Each entry is to be given again word for word; images are dropped.
[Data under study Boundary: Start]
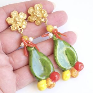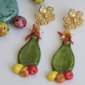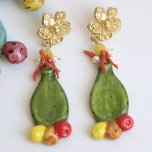 Orecchini pendenti con fichi d’india realizzati e decorati a mano in ceramica artistica di Caltagirone, giada gialla, perle di maiorca e corallo naturale.
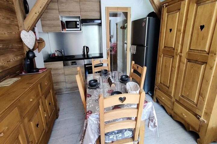 The well-equipped kitchen includes a refrigerator, oven, induction hob, microwave, Krups Dolce Gusto coffee maker, and an extractor hood, allowing guests to prepare their own meals. The living room is equipped with a TV for relaxation after a day on the slopes. The studio also features a pleasant south-facing balcony where guests can enjoy meals or unwind in the sun.
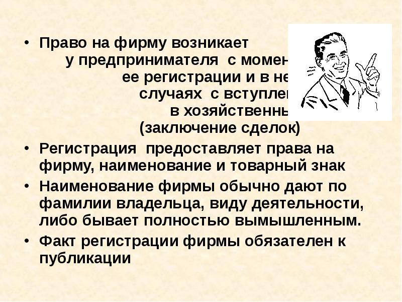 Право на фирму возникает у предпринимателя с момента ее регистрации и в некоторых случаях с вступления ее в хозяйственный оборот (заключение сделок) Регистрация предоставляет права на фирму, наименование и товарный знак Наименование фирмы обычно дают по фамилии владельца, виду деятельности, либо бывает полностью вымышленным. Факт регистрации фирмы обязателен к публикации
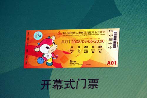 殘奧門票包括殘奧會開幕式門票、閉幕式門票、體育比賽紀(jì)念票、熱敏票,大體的方式跟奧運(yùn)會的類別是一樣的。不過,設(shè)計體現(xiàn)殘奧會的精神,開、閉幕式主要圖案是殘奧會的吉祥物,即以“福牛樂樂”為主要的元素。
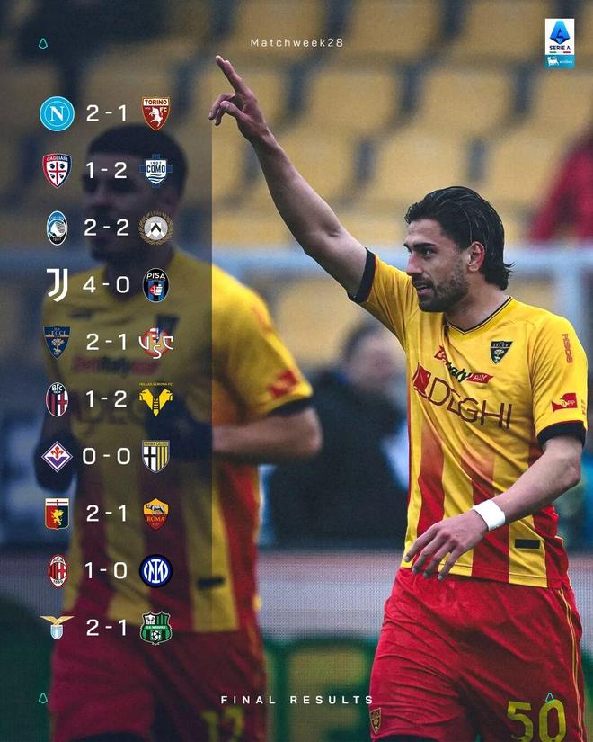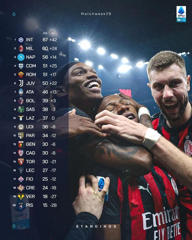 随着本轮最后一场比赛拉齐奥2比1击败萨索洛,意甲第28轮比赛全部结束。本轮联赛的重头戏自然是“米兰德比”二番战,AC米兰主场1比0小胜国米,完成了本赛季对同城对手的双杀,但国米仍然在积分榜上领先红黑军团7分;那不勒斯2比1取胜都灵,仍位居第三;罗马客场1比2负于热那亚,而本赛季“黑马”科莫2比1力克卡利亚里,与红狼军团同积51分,以净胜球优势反超竞争对手来到第四名,罗马跌至第五,尤文仍居第六,距离罗马1分。
[Data under study Boundary: End]
Exercise response:
 Orecchini pendenti con fichi d’india realizzati e decorati a mano in ceramica artistica di Caltagirone, giada gialla, perle di maiorca e corallo naturale.
 The well-equipped kitchen includes a refrigerator, oven, induction hob, microwave, Krups Dolce Gusto coffee maker, and an extractor hood, allowing guests to prepare their own meals. The living room is equipped with a TV for relaxation after a day on the slopes. The studio also features a pleasant south-facing balcony where guests can enjoy meals or unwind in the sun.
 Право на фирму возникает у предпринимателя с момента ее регистрации и в некоторых случаях с вступления ее в хозяйственный оборот (заключение сделок) Регистрация предоставляет права на фирму, наименование и товарный знак Наименование фирмы обычно дают по фамилии владельца, виду деятельности, либо бывает полностью вымышленным. Факт регистрации фирмы обязателен к публикации
 殘奧門票包括殘奧會開幕式門票、閉幕式門票、體育比賽紀(jì)念票、熱敏票,大體的方式跟奧運(yùn)會的類別是一樣的。不過,設(shè)計體現(xiàn)殘奧會的精神,開、閉幕式主要圖案是殘奧會的吉祥物,即以“福牛樂樂”為主要的元素。
 随着本轮最后一场比赛拉齐奥2比1击败萨索洛,意甲第28轮比赛全部结束。本轮联赛的重头戏自然是“米兰德比”二番战,AC米兰主场1比0小胜国米,完成了本赛季对同城对手的双杀,但国米仍然在积分榜上领先红黑军团7分;那不勒斯2比1取胜都灵,仍位居第三;罗马客场1比2负于热那亚,而本赛季“黑马”科莫2比1力克卡利亚里,与红狼军团同积51分,以净胜球优势反超竞争对手来到第四名,罗马跌至第五,尤文仍居第六,距离罗马1分。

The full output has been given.